ThreeJS系列1_CinematicCameraJS插件详解
接着上篇 ThreeJS系列1_CinematicCameraJS插件介绍
1. 属性的来龙去脉
type
// 描述信息
this.type = 'CinematicCamera';
shaderSettings
- 初始化代码
this.shaderSettings = {
rings: 3,
samples: 4
};
- 使用地点
this.postprocessing.materialBokeh = new ShaderMaterial( {
//...忽略代码
defines: {
RINGS: this.shaderSettings.rings,
SAMPLES: this.shaderSettings.samples,
DEPTH_PACKING: 1
}
} );
- 小结
shaderSettings 最终作为 postprocessing.materialBokeh 的值使用
shaderSettings --> postprocessing.materialBokeh
materialDepth
- 初始化代码
// ShaderMaterial 使用自定义shader渲染的材质。 shader是一个用GLSL编写的小程序 ,在GPU上运行。

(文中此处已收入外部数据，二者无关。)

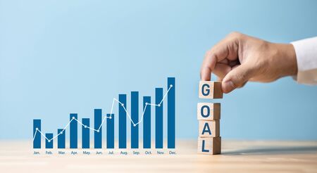 Hand arranging wooden cube block the word GOAL. Business growth concept
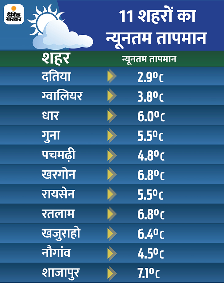 हिमाचल-जम्मू कश्मीर में पहाड़ों पर हो रही है बर्फबारी के चलते समूचा उत्तर भारत कड़ाके की ठंड झेल रहा है। असर मध्यप्रदेश में दिखने लगा है। वहां से आ रही बर्फीली हवाओं से प्रदेश में ठिठुरन बढ़ गई है। तीन शहर दतिया, ग्वालियर और धार शीतलहर की चपेट में आ गए हैं। वहीं, 11 शहरों में न्यूनतम पारा 7 डिग्री से नीचे पहुंच गया है। सबसे सर्द रात दतिया में रही, यहां का न्यूनतम तापमान लुढ़ककर 3 डिग्री रिकॉर्ड किया गया।
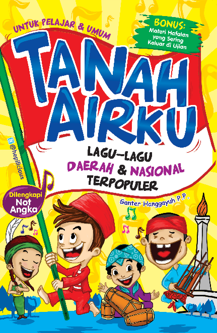 Sinopsis Buku: Buku ini mempersembahkan kumpulan lagu daerah dan lagu nasional dari berbagai daerah di Indonesia, yang mencerminkan keragaman budaya dan identitas nasional. Dalam buku ini, pembaca akan menemukan berbagai lagu yang berasal dari provinsi seperti Sumatra Utara, Riau, DIY (Daerah Istimewa Yogyakarta), Jawa Barat, Jawa Tengah, Maluku, Sulawesi Utara, Nusa Tenggara Timur, Papua, dan lainnya. Setiap lagu disertai dengan nama daerah asalnya, memberikan gambaran tentang keunikan dan kekhasan budaya masing-masing daerah. Lagu-lagu yang disajikan dalam buku ini tidak hanya memiliki nilai seni yang tinggi, tetapi juga berfungsi sebagai perwujudan dari nilai-nilai kehidupan, sejarah, dan tradisi yang melekat dalam masyarakat setempat. Selain itu, buku ini juga mencakup lagu nasional Indonesia, yang menjadi simbol dari persatuan dan kesatuan bangsa. Buku ini terdiri dari dua bagian utama: *Lagu Daerah* dan *Lagu Nasional*. Dalam bagian *Lagu Daerah*, pembaca akan menemukan berbagai lagu seperti *Ampar-Ampar Pisang*, *Ande-Ande Lumut*, *Bubuy Bulan*, hingga *Gundul Pacul*, yang semuanya memiliki ciri khas masing-masing. Sementara itu, bagian *Lagu Nasional* mencakup lagu yang menjadi representasi kebangsaan Indonesia, seperti *Tanah Airku* yang ditulis oleh Ganter Hanggayuh P.P. Dengan memperkenalkan lagu-lagu daerah dan nasional, buku ini bertujuan untuk melestarikan dan memperkenalkan kekayaan budaya Indonesia kepada pembaca, baik sebagai sumber belajar maupun sebagai sarana pengenalan akan keberagaman dan keindahan budaya Indonesia.
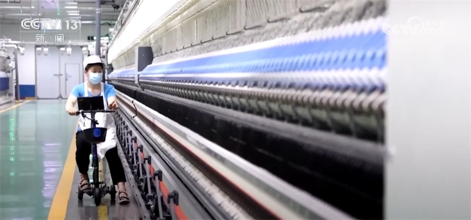 總臺(tái)央視記者 鄭怡哲:用于服裝的精梳棉紗,從棉花種植、軋花到加工成粗紗、細(xì)紗,再到成品運(yùn)輸、入庫,全流程下來,1千克棉紗的碳足跡值僅為4公斤左右的二氧化碳。在這條直徑不到0.1mm的紗線上,要滿足強(qiáng)度、透氣、舒適性等指標(biāo),同時(shí)也要兼顧節(jié)能、環(huán)保和碳排放。要在這條細(xì)細(xì)的紗線上做出如此大的文章,離不開企業(yè)的高質(zhì)量發(fā)展和科技的支持。
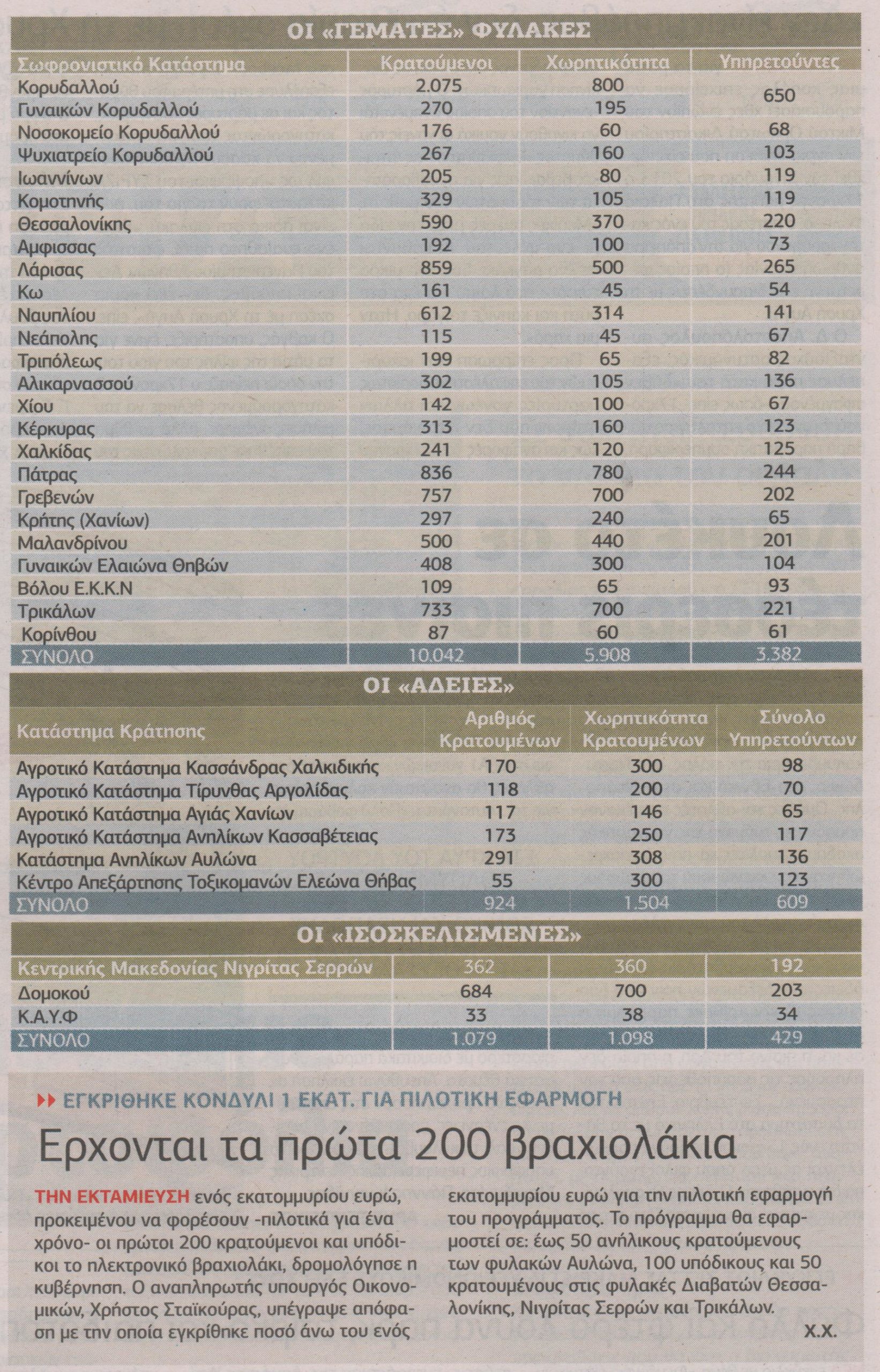 Σύμφωνα με τα στοιχεία οι κρατούμενοι στα σωφρονιστικά καταστήματα είναι 12.778, οι προβλεπόμενες θέσεις είναι 9.210 και οι φύλακες 4.641
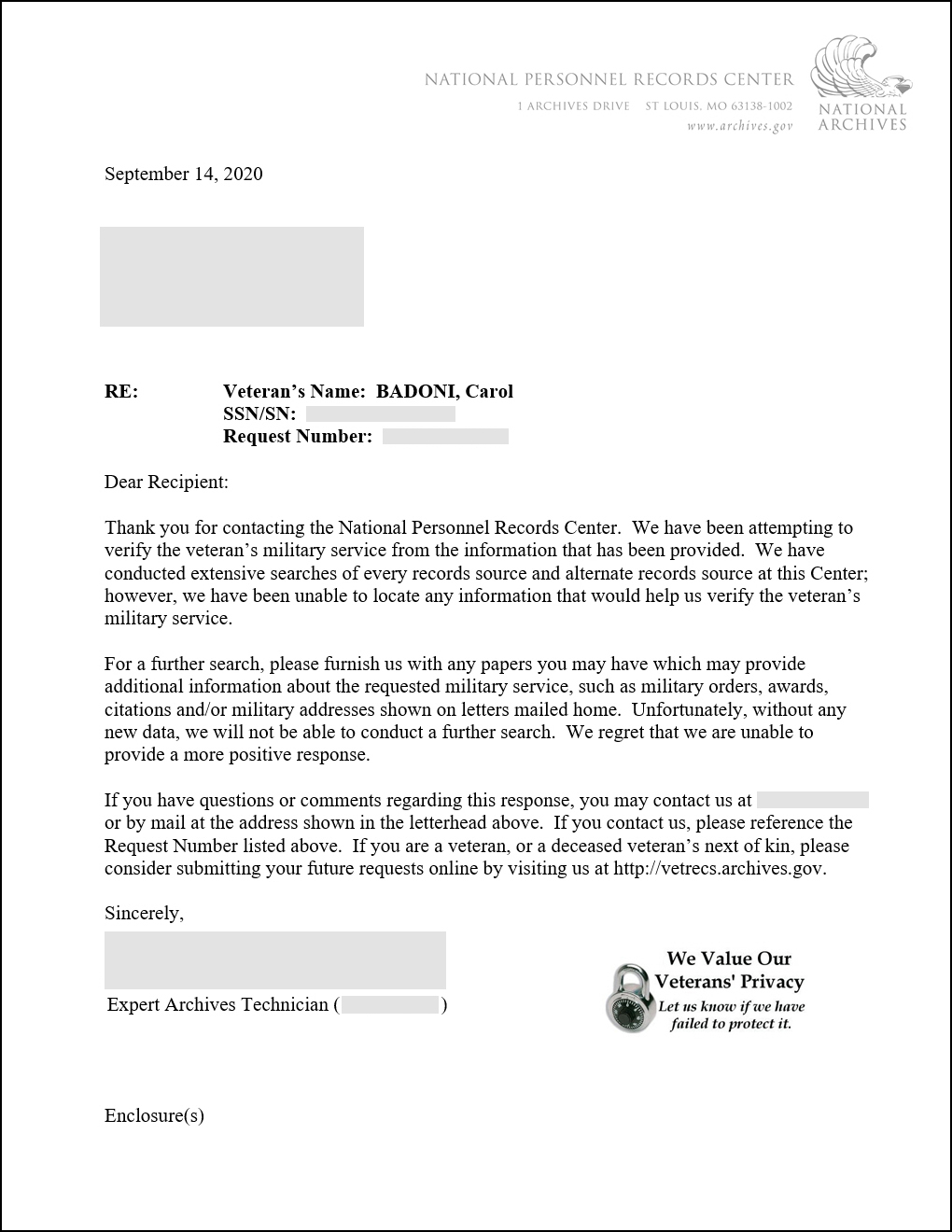 The folks at NPRC said “Who?”

this.materialDepth = new ShaderMaterial( {
uniforms: depthShader.uniforms,
vertexShader: depthShader.vertexShader,
fragmentShader: depthShader.fragmentShader
} );
this.materialDepth.uniforms[ 'mNear' ].value = near;
this.materialDepth.uniforms[ 'mFar' ].value = far;
- 使用地点
// scene.overrideMaterial:
// 如果不为空,它将强制场景中的每个物体使用这里的材质来渲染。默认值为null。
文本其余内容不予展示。